Полночь. Седьмое… нет, уже восьмое ноября.
Вскоре после полудня губернатор Тилден, проголосовав, прибыл в «Эверетт-хаус». Я находился в толпе, которая встретила его овацией, когда он входил в бальную залу отеля.
Тилден казался спокойным и выглядел по-президентски; на нем был черный сюртук с красной гвоздикой в петлице. Я хотел подойти к нему с идиотским намерением пожать руку. Но сквозь такую толпу протиснуться было невозможно. К счастью, я нашел полковника Пелтона, который сказал мне: «Поедемте с нами на Грамерси-парк. Там установлен прямой телеграф. Очень скоро начнут поступать первые результаты».

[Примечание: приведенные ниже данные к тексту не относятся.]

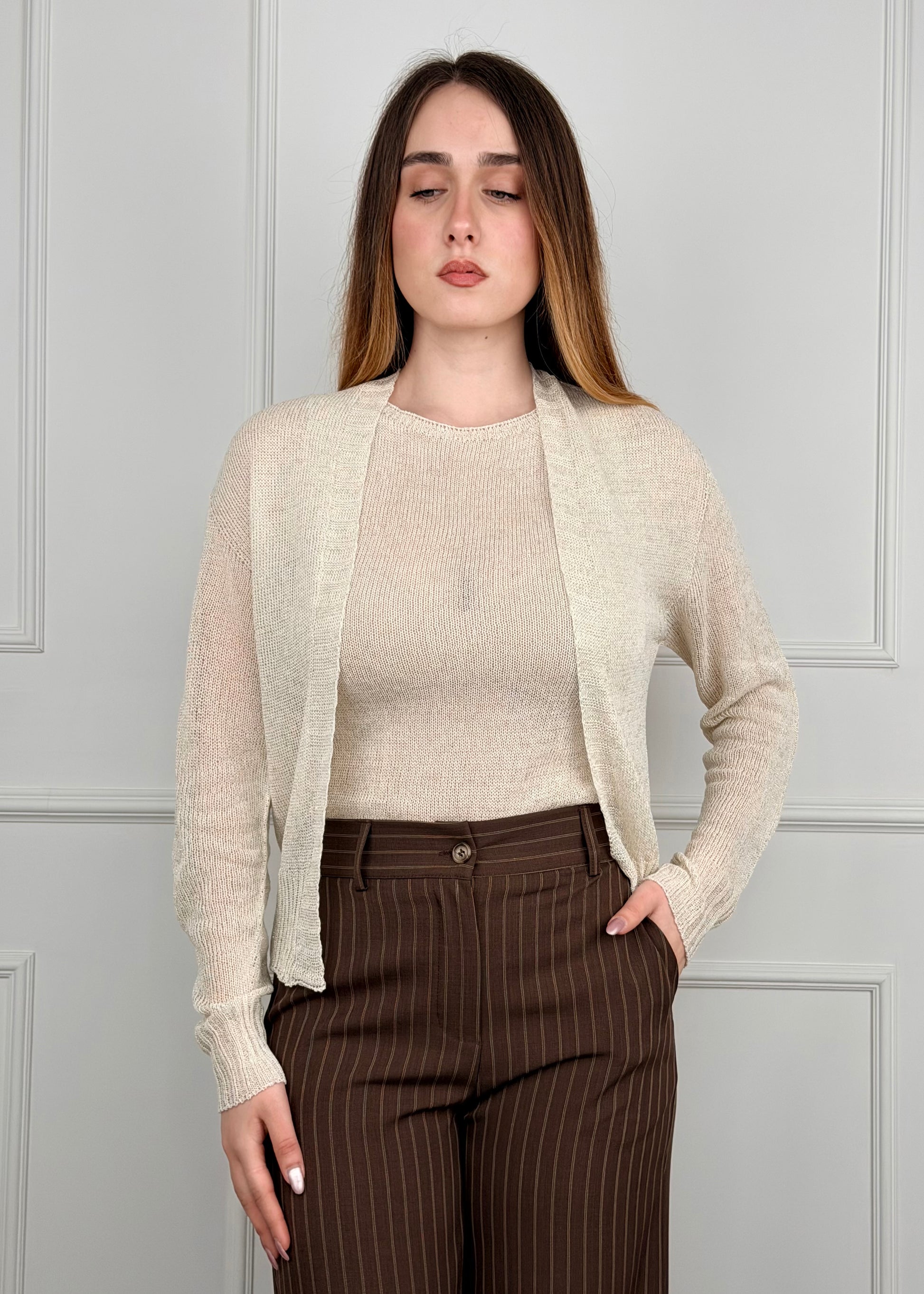 Brend top in filo di lurex, scollo giro, spalla larga. Se vuoi creare un twinset è disponibile il cardigan con il codice: I93079. Composizione: 40% Poliestere 38% Cotone 18% Nylon 4% Fibra metallica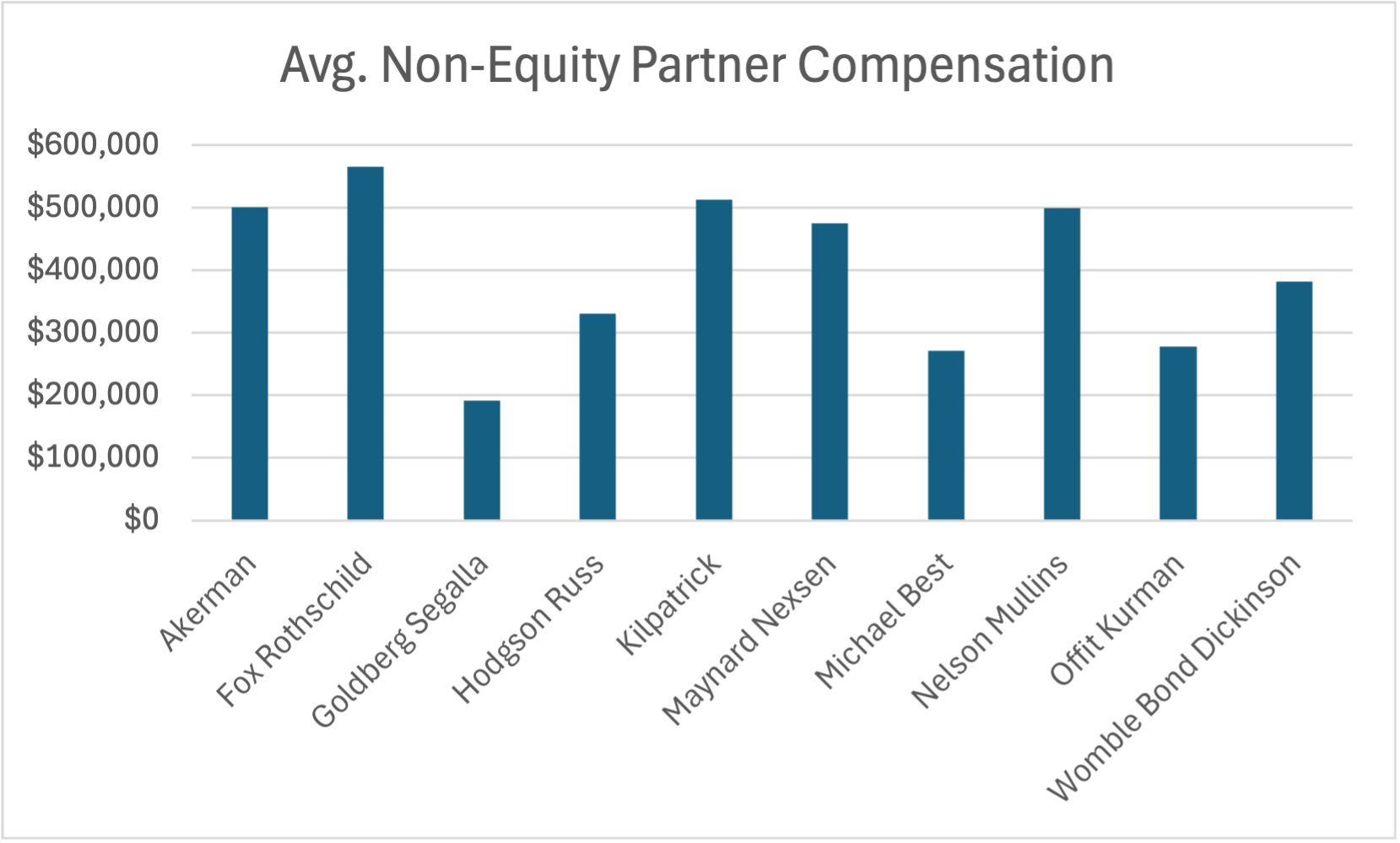 Avg. Non-Equity Partner Compensation May 20 Written By Jordan Abshire Avg. non-equity partner compensation at AmLaw 200 firms with an office in the Triad Back to Firm Financials Homepage Jordan Abshire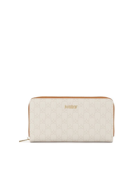Természetesbőrből készült kompakt pénztárca, amelyet finom elegancia és modern stílus jellemez. Külseje tört fehér színű, ami finom megjelenést kölcsönöz neki, és az egészet diszkrét bézs vállalati dizájn díszíti, ami luxusérzetet kölcsönöz. A pénztárca belseje puha barna bőrből készült, amely meleg kontrasztot alkot a világos részével. A barna klasszikus bájt és eleganciát kölcsönöz. A pénztárca kompakt mérete és könnyű kialakítása miatt kényelmes a mindennapi használatra, ugyanakkor luxus kivitelezéssel és funkcionalitással büszkélkedhet.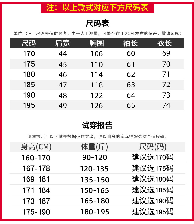 M(170),L(175),XL(180),XXL(185),XXXL(190),4XL(195)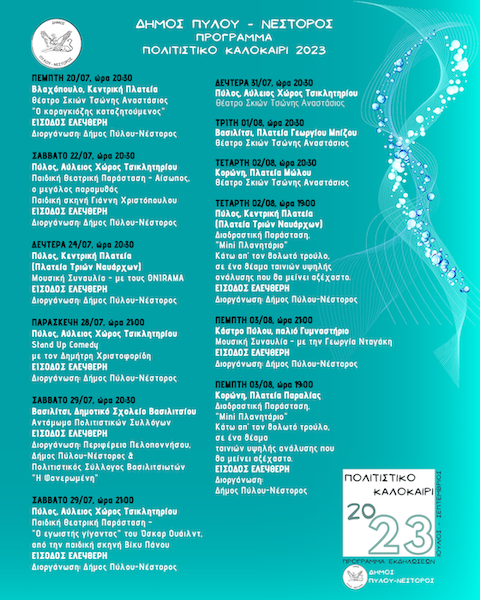 – Τετάρτη 23 Αυγούστου στις 9.30 μ.μ. στο Δημοτικό Σχολείο Χαρακοπιού: παράσταση “Ατρείδες – η επιστροφή” σε σκηνοθεσία Γιάννη Μαργαρίτη από το ΔΗΠΕΘΕ Καλαμάτας και είσοδο ελεύθερη (οργάνωση: Δήμος Πύλου – Νέστορος).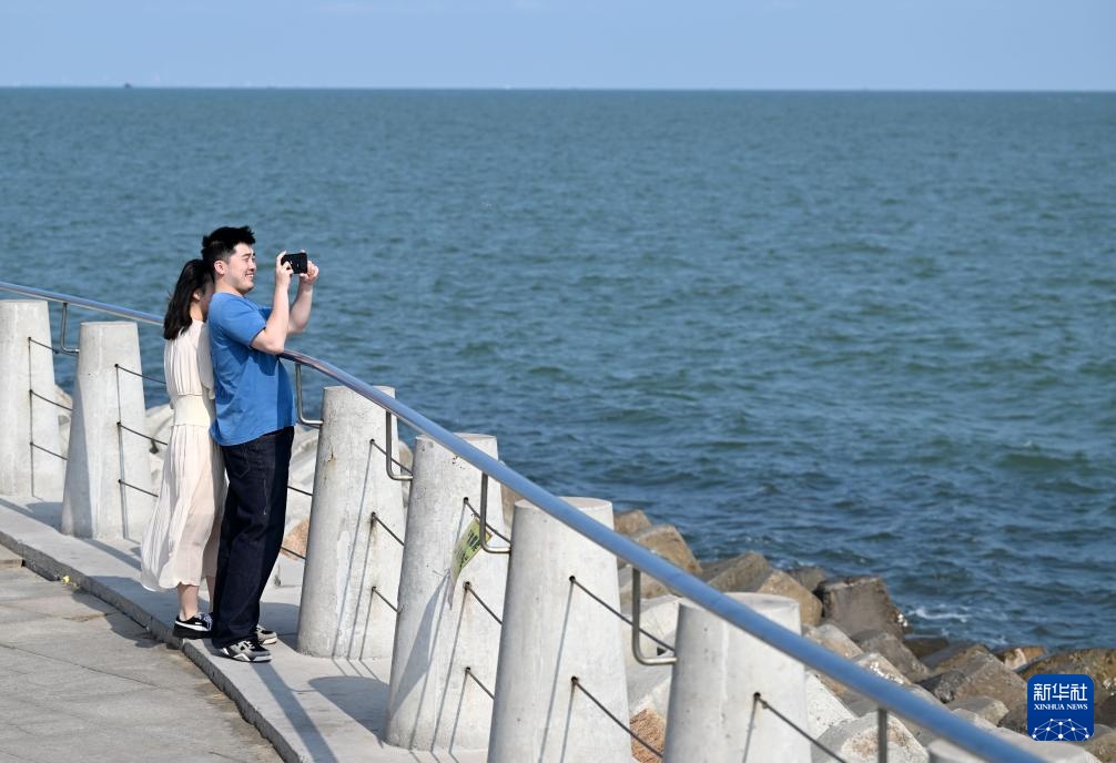 9月27日,市民游客在中新天津生态城东堤公园欣赏海景。

Примерно в четыре часа пополудни я поехал в пелтоновском экипаже на Грамерси-парк, где небольшая толпа, несмотря на холод и дождь, ожидала губернатора.
В гостиных и кабинете толпились люди из ближайшего окружения Тилдена. Грин стиснул мою руку. У Биглоу кружилась голова от предвкушения победы. Миссис Пелтон, хотя и была крайне возбуждена, все же вежливо осведомилась об Эмме.
— Она играет роль сиделки миссис Сэнфорд.
Вообще-то Эмма как будто преодолела, хотя бы временно, свой африканский недуг. Она расстроена поражением ее любимого вождя Блейна. «Кроме всего прочего, — сказала она мне, — я не знакома с генералом Хейсом. А что касается твоего губернатора Тилдена… я всячески желаю ему победить». — «Однако он тебя не волнует». — «Ему недостает истинного дикарства, папа. Извини. Виновата, наверное, я сама. В Вашингтоне я слишком долго питалась сырым мясом».
Когда Тилден вошел в свою собственную гостиную, раздались аплодисменты; это показалось мне очень смешным, но мы все сгорали, то есть сгораем, от возбуждения.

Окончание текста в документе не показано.